Although, he created a polyalphabetic cipher, the one that bears his name was actually first described by Giovan Battista Bellaso (1505–?) an Italian cryptographer in his La Cifra del Sig. Giovan Battista Belaso published in 1553. Bellaso went on to publish a second book, Novi et singolari modi di cifrare, in 1555 and a third one Il vero modo di scrivere in cifra, in 1565. Vigenère published his polyalphabetic cipher, first in 1586, in his Traicté des Chiffres ou Secrètes Manières d’Escrire. 1586. Both men’s ciphers were based on a so-called auto key but differed in detail. 

Source: Wikimedia Commons

An autokey cipher (also known as the autoclave cipher) is a cipher that incorporates the message (the plaintext) into the key. The key is generated from the message in some automated fashion, sometimes by selecting certain letters from the text or, more commonly, by adding a short primer key to the front of the message. (Def. Wikipedia). 
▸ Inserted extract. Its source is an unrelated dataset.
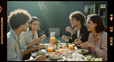A group of friends enjoying a meal together outdoors on a sunny day

The Vigenère cipher was thought to be unbreakable and in fact Charles Lutwidge Dodgson (better known as Lewis Carroll), a very competent logician, said that it was unbreakable in 1868, unaware that Charles Babbage had already broken it earlier but had not published his results. The first to publish a general system to solve polyalphabetic ciphers, including the Vigenère cipher, was the German soldier, cryptographer, and archaeologist, Friedrich Wilhelm Kasiski (1805–1881) in his Die Geheimschriften und die Dechiffrir-Kunst (Secret Writing and the Art of Deciphering) in 1863, a publication that, at the time, went largely unnoticed. It was first in the nineteenth century that the art of cryptography evolved past the innovations of the Renaissance cryptographers, Alberti, Trithemius, Vigenère, and Bellaso.